I just attended AAPOR in LA to present our recent MrP local approximate weights paper (currently available here, see also Andrew Gelman’s post here). AAPOR was full of really wonderful people, and I made a few professional connections that I’m very glad to have made. AAPOR is full of researchers and professionals with deep practical knowledge and sharp intuition about the practice and analysis of surveys. But, as a somewhat solitary statistician at AAPOR, and moreover one there to present on MrP, I found the conference’s single-minded emphasis on weights to be suprising, and I thought it would be worth writing a post explaining why. (Though people at AAPOR of course do stats methodology, to my surprise I didn’t come across a single other person appointed to a statistics department.) Modeling sampling bias and modeling response seem to me two sides of a coin.

As always when sticking my neck out in a field I don’t know, I should emphasize that the point I’m about to make is surely not new, but my experience at AAPOR makes me think it’s still worth saying.

Setup

Here’s a simple classical survey setup. Suppose we have regressors \(x\) and responses \(y\), and two joint distributions, \(\mathcal{P}_T(x, y)\) and \(\mathcal{P}_S(x, y)\), standing for “target” and “survey,” respectively. Let the regressor marginals be \(\mathcal{P}_T(x)\) and \(\mathcal{P}_S(x)\), with ratio \(w(x) = \mathcal{P}_T(x) / \mathcal{P}_S(x)\) which we assume is nonzero. Assume that \(\mathcal{P}_S(y\vert x) = \mathcal{P}_T(y\vert x) = \mathcal{P}(y\vert x)\), so we can unambiguously write \(\mathbb{E}\left[y \vert x \right]\). Suppose we have enough observations that we can safely apply a law of large numbers whenever we want.

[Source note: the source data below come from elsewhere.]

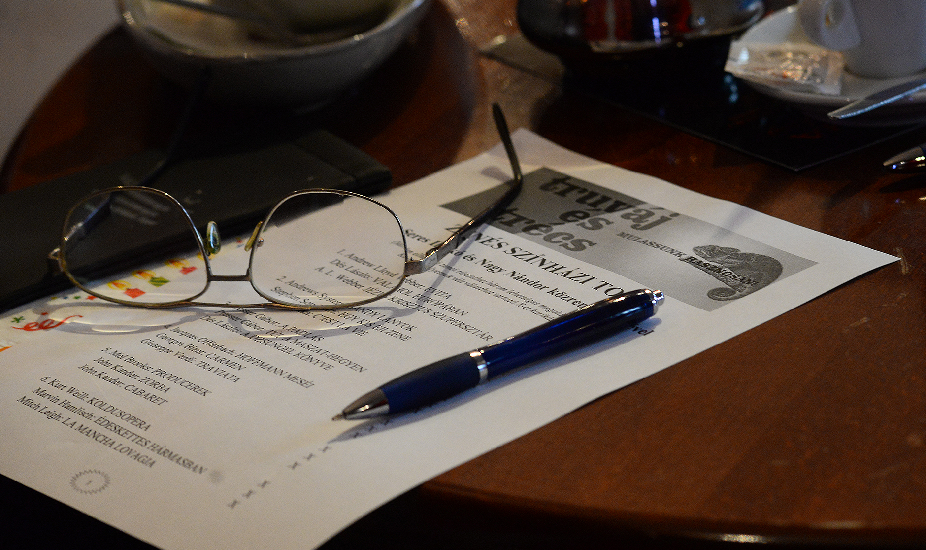 Ezúttal a zenés színházé volt a főszerep: a Művészetek Háza (MÜHA) kávézójának vendége Seres Ildikó Jászai Mari-díjas színésznő, operettprimadonna volt, a dalalávalót pedig Nagy Nándor zeneszerző, a Miskolci Nemzeti Színház korrepetítora szolgáltatta, aki zongorán kísérte a művésznőt. Jézus Krisztus szupersztár, Carmen, Evita, Padlás: csak néhány jól csengő előadás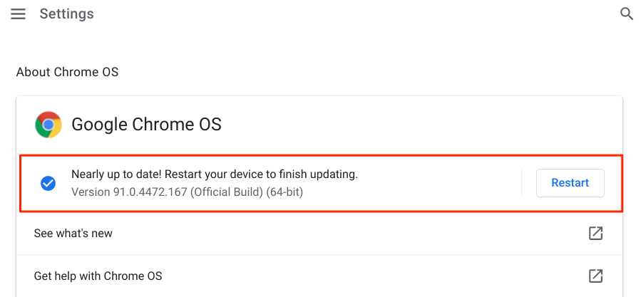 Additionally, installing this Linux environment on Chromebook requires Chrome OS 69 or later. Head to Settings > About Chrome OS to check the Chrome OS version or update your Chromebook’s operating system. Install any available update or restart your device to finish pending updates.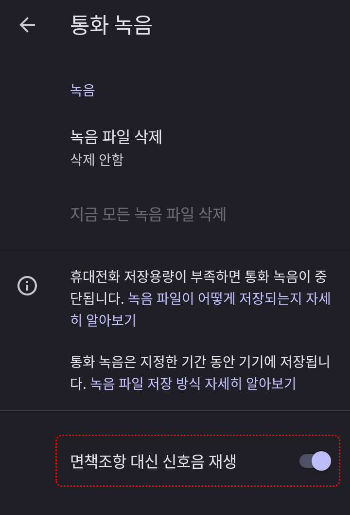 통화 녹음이 진행된다는 안내 메시지가 나오는데, 이 안내 메시지는 설정 - 통화 녹음 - 면책조항 대신 신호음 재생을 활성화시켜주시면 안내 메시지 대신 삐~ 소리로 대체됩니다.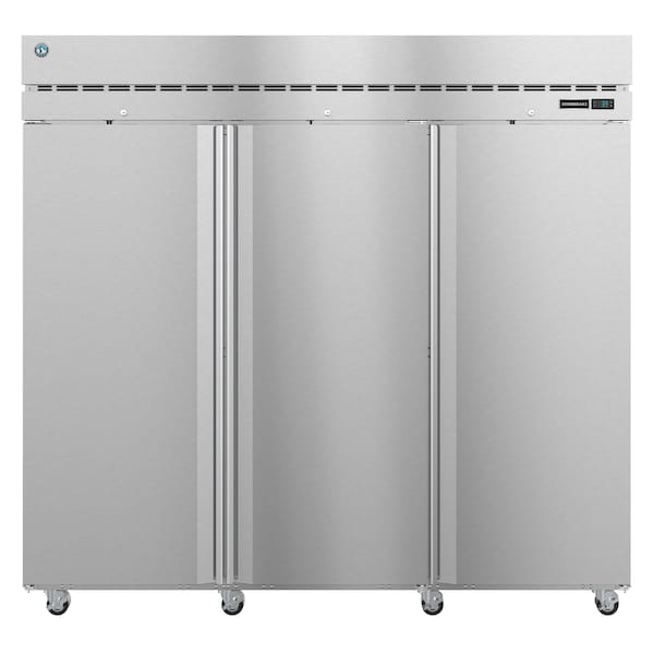 Dimensions: 82.5 in. W x 33.5 in. D x 79.5 in. H. Net capacity of 79.03 cubic feet. Unique ducted'' air distribution system. Epoxy electrocoated E-Coat evaporator coil to help fight corrosion for extended life. Stainless steel exterior front, sides, top and a stainless steel interior. Field reversible, spring assisted self closing door with stay open feature no kit req'd. One piece, full door length, extruded aluminum flush mount door handle. Lockable Full Stainless Doors. Insulated with 2 3/8 in. CFC free, foamed in place polyurethane. Interior LED light bar is mounted horizontally on the ceiling. Solid state digital controller with temperature alarms and LED display degrees F or degrees C. R290 refrigerant. 8 4 in. Stem Casters 4 with brakes are standard. Includes 9 epoxy coated wire coated wire shelves adjustable in 1 in. increments on stainless steel supports. Optional kits: 6 in. Legs, Epoxy or stainless steel shelves, Tray/pan slides, Foot pedal door opener, Additional air filter. Nominal Compres. of 3000 BTU/hr at 5/8 HPleft, BTU/hr at right. 230v/60/1, 10 ft. cord and plug. Shipping Crate: 86 in. L x 37.875 in. D x 81 in. H at 830 lbs. Top mounted energy efficient non-electric evaporation system. This item may incur additional shipping charges due to its weight or size.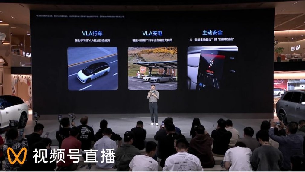 听了下理想在广州车展的发布会,分享一下重点。1️⃣VLA 的下个版本增强了强化学习,横向控制会更好。2️⃣理想终于把「无缝充电」拿出来讲了。这个必须自建超充站和很强的智驾能力两者融合才做得到,官方叫 VLA 充电。除了手动充电,需要上龙门架机器人。其他从出发,进园区,降地锁、泊入、驶出都完全自动化了。3️⃣「追尾防御性 AES」,当有后车追尾风险时,AES 可以适时自动避让,这个应该是行业首发。4️⃣智能换新版的 Ad Pro 支持城市 NOA 了。虽然征程5跟征程6的算力都是128Tops,不过显然在运行效率上有差别,所以只支持智能焕新版

Then the survey problem is this: we observe IID draws of \(x_i, y_i \sim \mathcal{P}_S(x, y)\) from the survey, but only \(x_j \sim \mathcal{P}_T(x)\) from the target. We want to know \(\mathbb{E}_{\mathcal{P}_T(y)}\left[y\right]\), but don’t directly observe draws from \(y\sim \mathcal{P}_T(y)\). We also don’t directly observe the response function \(\mathbb{E}\left[y \vert \cdot \right]\) nor the sampling ratio \(w(\cdot)\).

The fundamental equation of survey sampling

A few lines of algebra show that what we want to know can be expressed a couple different ways:

\[ \begin{align*} &\overbrace{\frac{1}{N_T} \sum_{j=1}^{N_T}\mathbb{E}\left[y \vert x_j \right]}^{\textrm{Eq R}} \overset{LLN}{\approx}{} \mathbb{E}_{\mathcal{P}_T(x)}\left[\mathbb{E}\left[y \vert x_j \right]\right] \overset{Tower}{=} \overbrace{\mathbb{E}_{\mathcal{P}_T(y)}\left[y\right]}^{\textrm{Want to know}} \overset{}{=} \int \mathbb{E}\left[y \vert x \right] \mathcal{P}_T(x) dx \overset{}{=}\\ % {}& \int \frac{\mathcal{P}_T(x)}{\mathcal{P}_S(x)} \mathbb{E}\left[y \vert x \right] \mathcal{P}_S(x) dx \overset{def}{=} \underbrace{\int w(x) \mathbb{E}\left[y \vert x \right] \mathcal{P}_S(x) dx}_{\textrm{Eq S}} \overset{Tower}{=} \int w(x) y\mathcal{P}_S(x, y) dx \overset{LLN}{\approx}{} \underbrace{\frac{1}{N_S} \sum_{i=1}^{N_S}w(x_i) y_i}_{\textrm{Eq W}}. \end{align*} \]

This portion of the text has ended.